«Куда летишь, кукушечка,
Куда летишь, серая?»
«Лечу я в тот лесок,
А в том лесу – там три терема,
А в тереме – там три девицы,
Три девицы – три красавицы,
Три обманщицы».
(продолжение песни утеряно)
Я был на прогоне спектакля «Куда летишь, кукушечка?» в театре драмы. По пьесе Горького «Старик». Был я там по приглашению режиссера-постановщика спектакля Александра Сидоренко (премьера спектакля состоится 30 марта. – «Горсоветы».) Так уж вышло, что я пообещал режиссёру написать о своих впечатлениях. Я честно предупредил, что врать не смогу. Это Сидоренко не смутило. Ну и вот… Извините, если что не так.
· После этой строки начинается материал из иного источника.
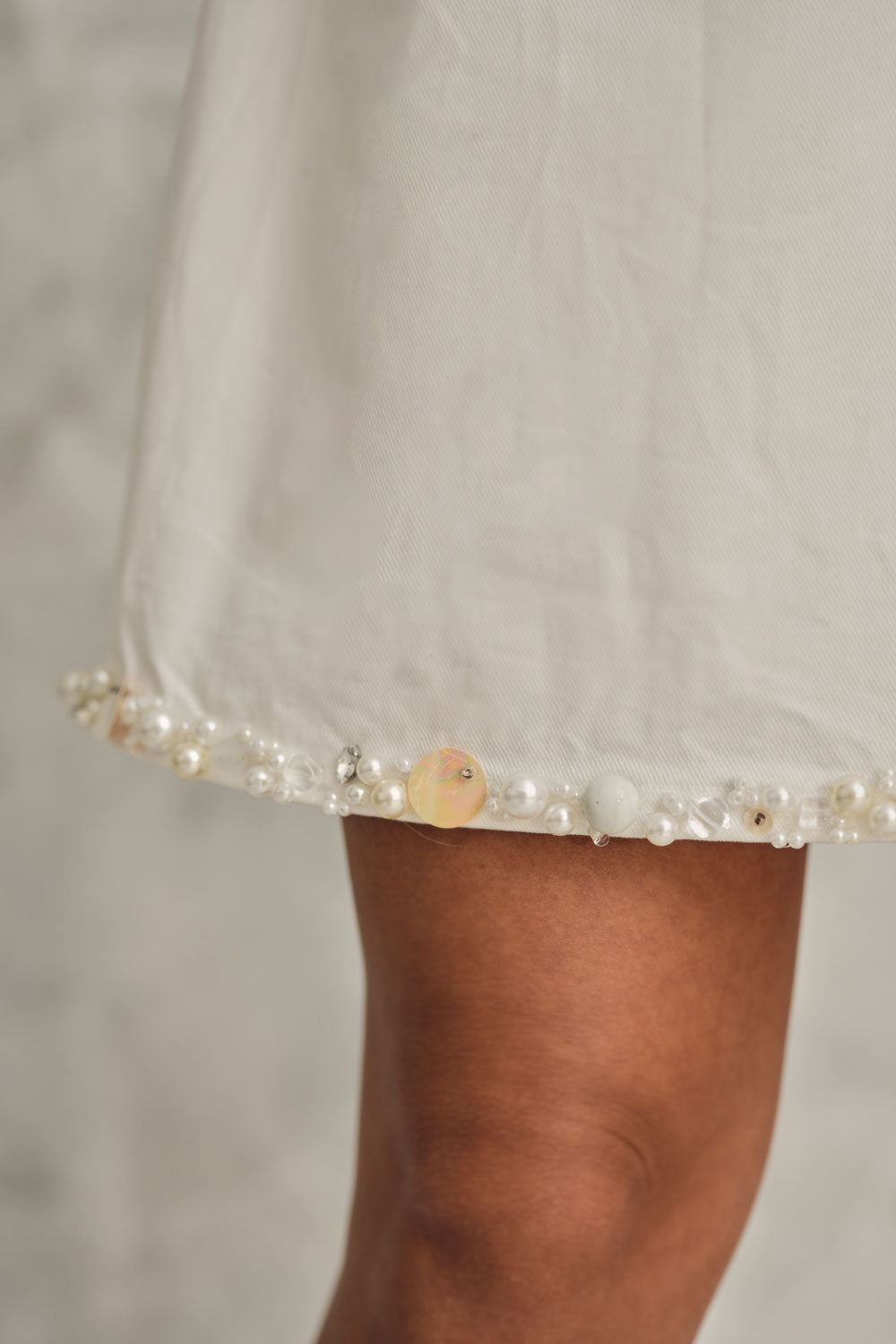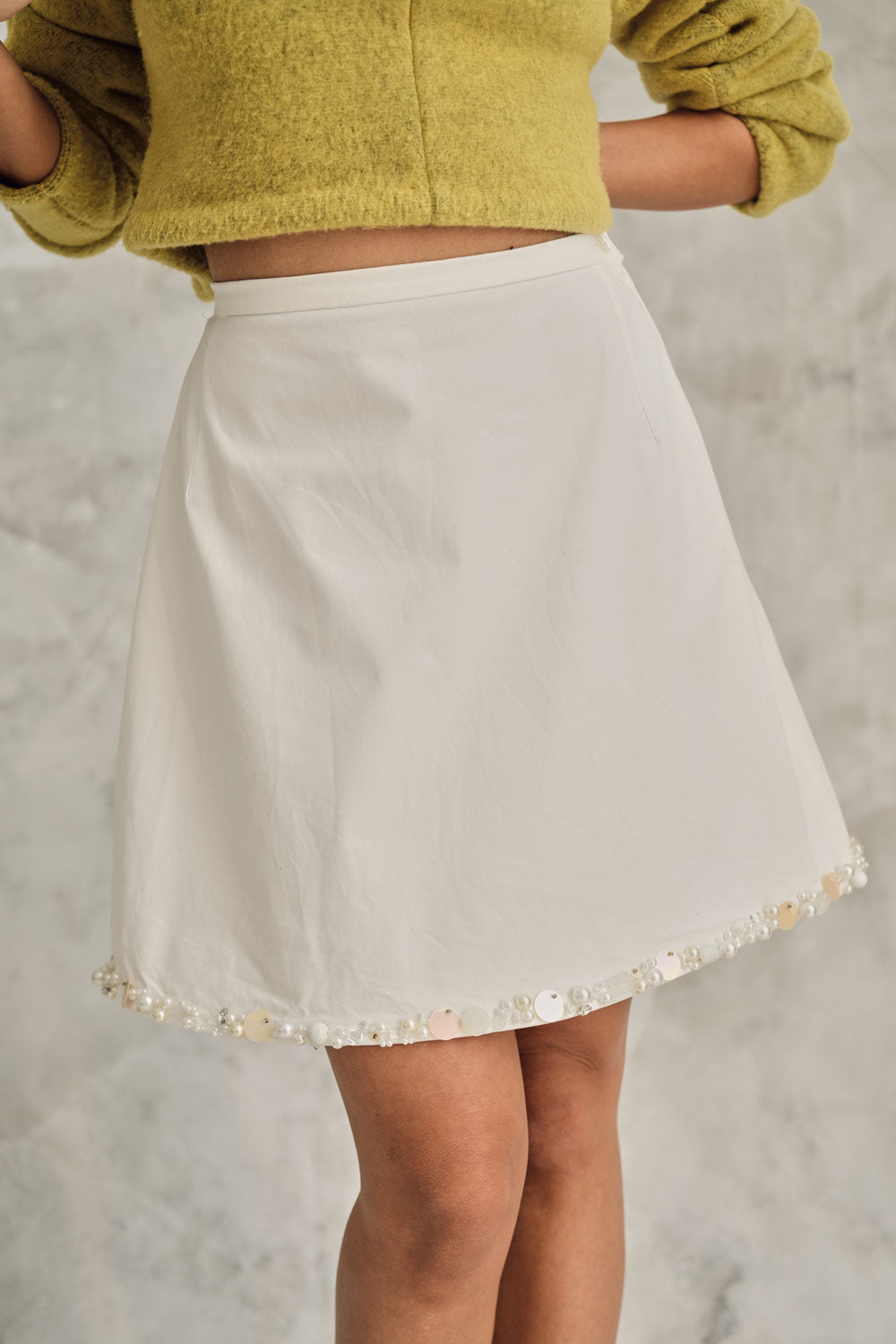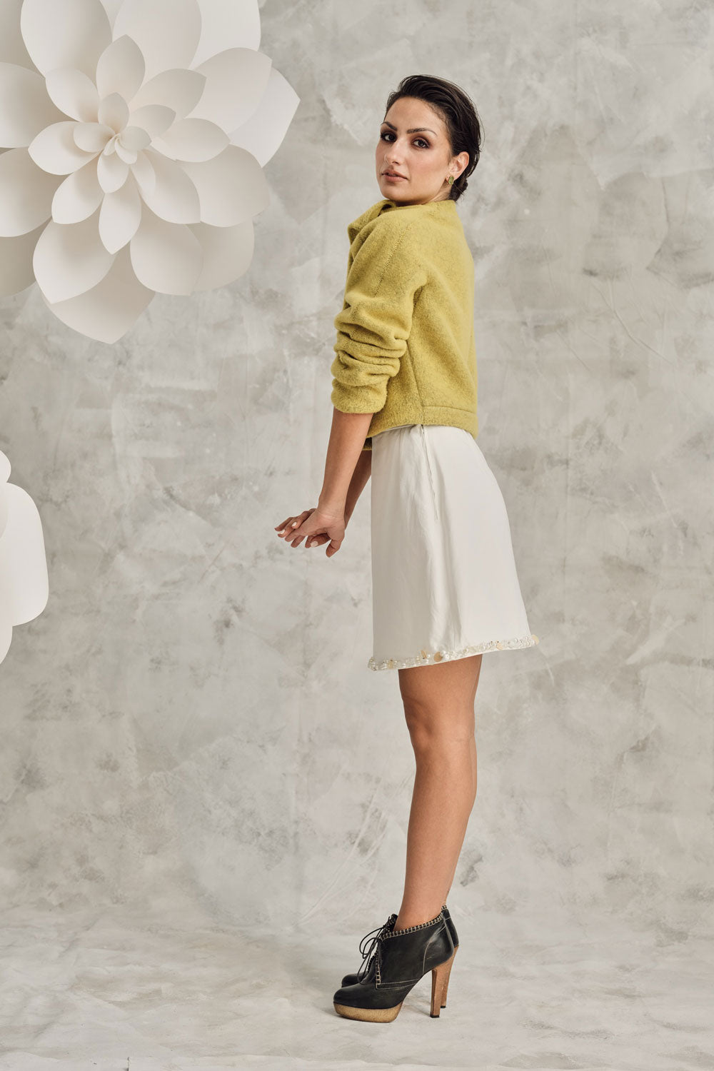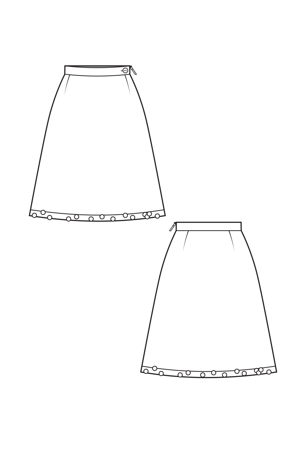 This flared A-line skirt from sisterMAG issue 14 is ideally made from a cotton fabric with stand. It has an embroidered hem and ends above the knees. It sits on the waist and can be perfectly combined with blouses and high shoes, for example. But the skirt is also well suited for everyday work in the office.

Начнем с того, что мне искренне симпатичен режиссер Сидоренко. Я писал о его «Торчалове» и совершенно чудесных «Бедных людях» восторженные рецензии. Это было легко и радостно делать. Поверьте, мы журналисты ведь тоже люди, не хирурги и не каратели. Нам тоже бывает больно и обидно, мы тоже ошибаемся иногда что-тонедогововариваем, умалчиваем или пережимаем. Кто из нас не фальшивил хоть раз? Потому гораздо легче писать о спектакле, когда он понравился. А здесь вот придется помучиться.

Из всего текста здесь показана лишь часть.